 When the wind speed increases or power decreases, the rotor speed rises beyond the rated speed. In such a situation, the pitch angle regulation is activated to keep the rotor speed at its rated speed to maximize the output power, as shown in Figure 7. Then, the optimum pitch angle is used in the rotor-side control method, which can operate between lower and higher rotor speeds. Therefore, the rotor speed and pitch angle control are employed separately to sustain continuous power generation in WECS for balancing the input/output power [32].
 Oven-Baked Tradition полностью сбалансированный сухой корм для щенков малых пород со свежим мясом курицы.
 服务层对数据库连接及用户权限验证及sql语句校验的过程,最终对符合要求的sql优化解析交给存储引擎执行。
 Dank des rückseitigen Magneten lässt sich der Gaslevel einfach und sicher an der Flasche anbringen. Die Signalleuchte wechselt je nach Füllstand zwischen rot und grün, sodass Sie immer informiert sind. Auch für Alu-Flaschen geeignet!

---

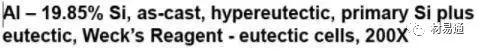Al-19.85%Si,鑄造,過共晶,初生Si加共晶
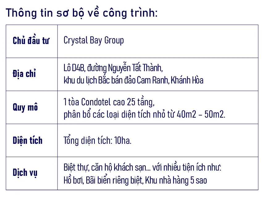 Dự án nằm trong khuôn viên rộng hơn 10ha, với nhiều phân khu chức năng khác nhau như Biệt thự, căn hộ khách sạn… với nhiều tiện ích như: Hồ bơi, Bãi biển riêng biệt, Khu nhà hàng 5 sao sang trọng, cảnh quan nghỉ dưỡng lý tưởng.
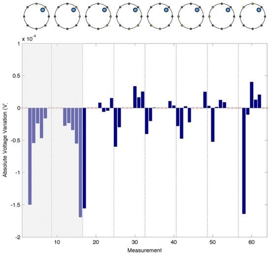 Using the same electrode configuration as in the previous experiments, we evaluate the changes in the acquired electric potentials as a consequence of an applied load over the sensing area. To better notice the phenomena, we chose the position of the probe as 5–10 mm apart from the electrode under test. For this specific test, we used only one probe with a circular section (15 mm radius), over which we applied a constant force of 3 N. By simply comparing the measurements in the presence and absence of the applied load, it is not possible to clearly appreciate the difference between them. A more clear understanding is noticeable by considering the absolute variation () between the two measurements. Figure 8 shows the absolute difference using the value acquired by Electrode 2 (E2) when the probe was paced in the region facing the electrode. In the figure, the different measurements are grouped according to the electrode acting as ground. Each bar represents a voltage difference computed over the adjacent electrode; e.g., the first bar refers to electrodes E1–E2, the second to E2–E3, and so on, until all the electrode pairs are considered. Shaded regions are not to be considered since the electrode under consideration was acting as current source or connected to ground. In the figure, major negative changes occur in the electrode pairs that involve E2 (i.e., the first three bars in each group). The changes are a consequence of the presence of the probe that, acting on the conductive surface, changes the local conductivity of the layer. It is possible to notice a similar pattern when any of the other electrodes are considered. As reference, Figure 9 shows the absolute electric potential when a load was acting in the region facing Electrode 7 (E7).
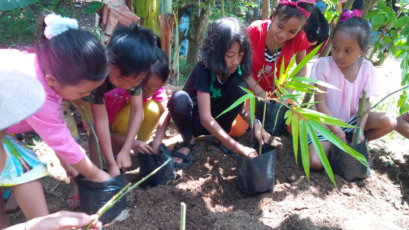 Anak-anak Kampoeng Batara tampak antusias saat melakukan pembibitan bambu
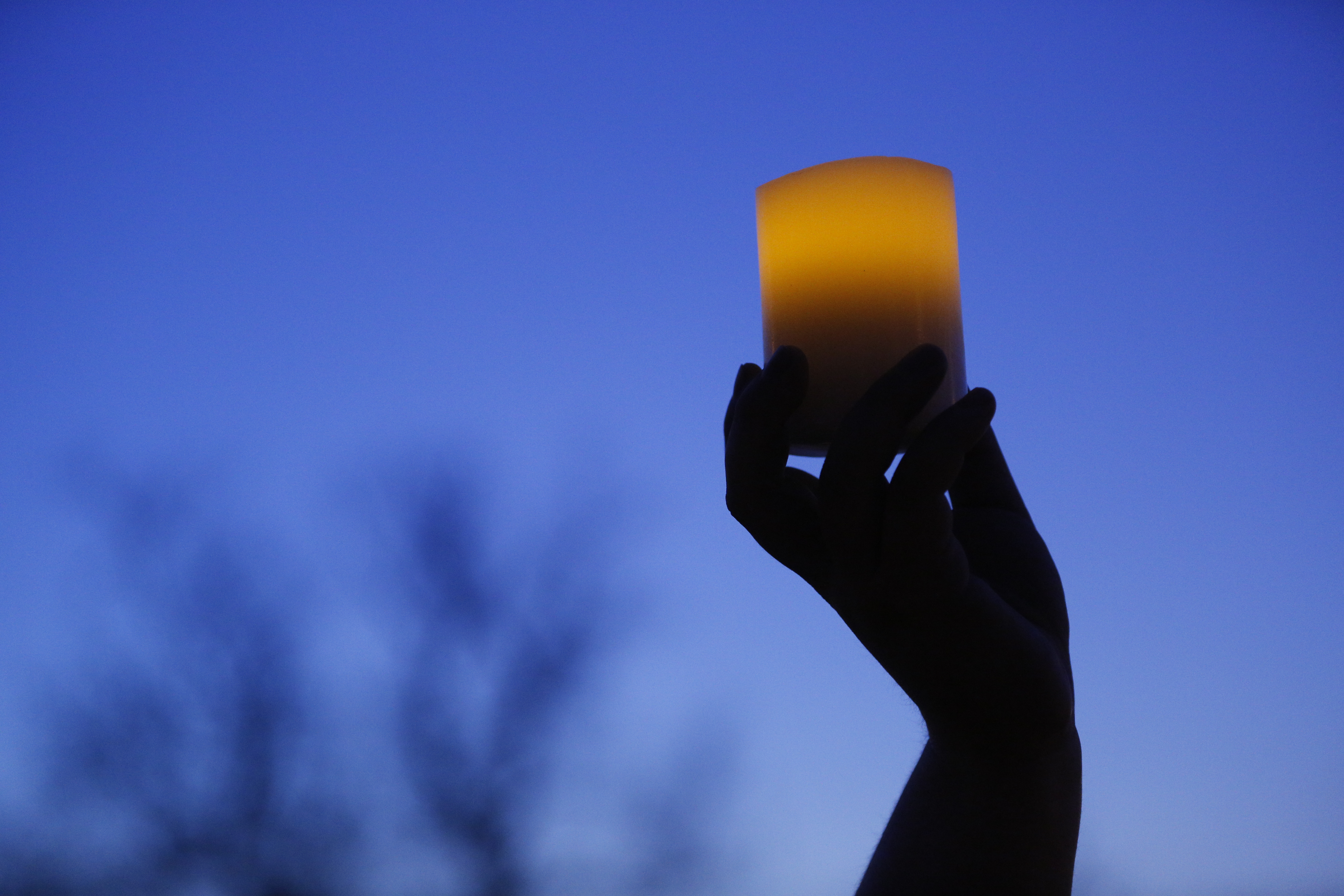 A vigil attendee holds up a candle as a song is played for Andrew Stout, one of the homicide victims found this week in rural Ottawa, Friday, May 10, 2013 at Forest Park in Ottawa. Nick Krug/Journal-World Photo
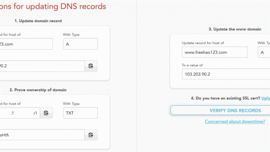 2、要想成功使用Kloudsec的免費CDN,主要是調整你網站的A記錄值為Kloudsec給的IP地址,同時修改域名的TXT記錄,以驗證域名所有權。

### Problem
Using the entries above, transcribe every line from the line containing "Al-19.85%Si,鑄造,過共晶,初生Si加共晶" through the line containing "Dự án nằm trong". Do not copy pictures.

### Output below
Al-19.85%Si,鑄造,過共晶,初生Si加共晶
 Dự án nằm trong khuôn viên rộng hơn 10ha, với nhiều phân khu chức năng khác nhau như Biệt thự, căn hộ khách sạn… với nhiều tiện ích như: Hồ bơi, Bãi biển riêng biệt, Khu nhà hàng 5 sao sang trọng, cảnh quan nghỉ dưỡng lý tưởng.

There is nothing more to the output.